Exercise data →
——

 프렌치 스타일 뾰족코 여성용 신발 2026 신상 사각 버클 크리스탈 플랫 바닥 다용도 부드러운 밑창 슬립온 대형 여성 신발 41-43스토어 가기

——

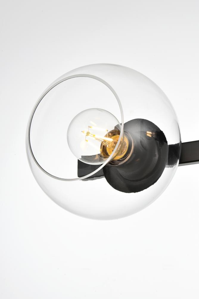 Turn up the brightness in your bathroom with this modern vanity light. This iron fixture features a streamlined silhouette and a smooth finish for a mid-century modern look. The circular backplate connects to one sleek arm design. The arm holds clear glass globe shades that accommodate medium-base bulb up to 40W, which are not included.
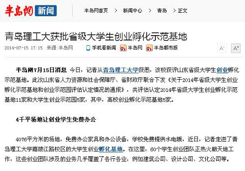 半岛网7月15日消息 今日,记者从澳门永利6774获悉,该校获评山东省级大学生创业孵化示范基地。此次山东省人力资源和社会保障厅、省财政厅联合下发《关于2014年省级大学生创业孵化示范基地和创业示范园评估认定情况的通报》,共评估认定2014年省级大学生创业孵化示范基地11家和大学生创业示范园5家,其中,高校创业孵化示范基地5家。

——

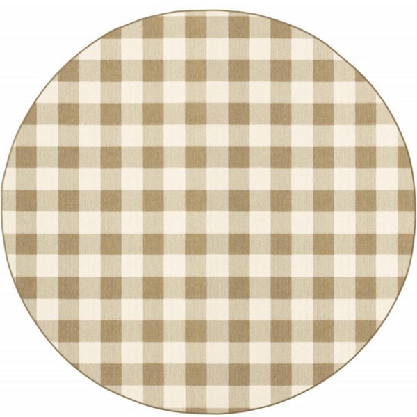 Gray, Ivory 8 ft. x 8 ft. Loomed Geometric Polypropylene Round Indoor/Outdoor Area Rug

——

What to work on →
Your answer should be the lines above, word for word, from the line with "Turn up the" through the line with "半岛网7月15日消息 今日,记者从澳门永", minus the pictures.

Written solution →
 Turn up the brightness in your bathroom with this modern vanity light. This iron fixture features a streamlined silhouette and a smooth finish for a mid-century modern look. The circular backplate connects to one sleek arm design. The arm holds clear glass globe shades that accommodate medium-base bulb up to 40W, which are not included.
 半岛网7月15日消息 今日,记者从澳门永利6774获悉,该校获评山东省级大学生创业孵化示范基地。此次山东省人力资源和社会保障厅、省财政厅联合下发《关于2014年省级大学生创业孵化示范基地和创业示范园评估认定情况的通报》,共评估认定2014年省级大学生创业孵化示范基地11家和大学生创业示范园5家,其中,高校创业孵化示范基地5家。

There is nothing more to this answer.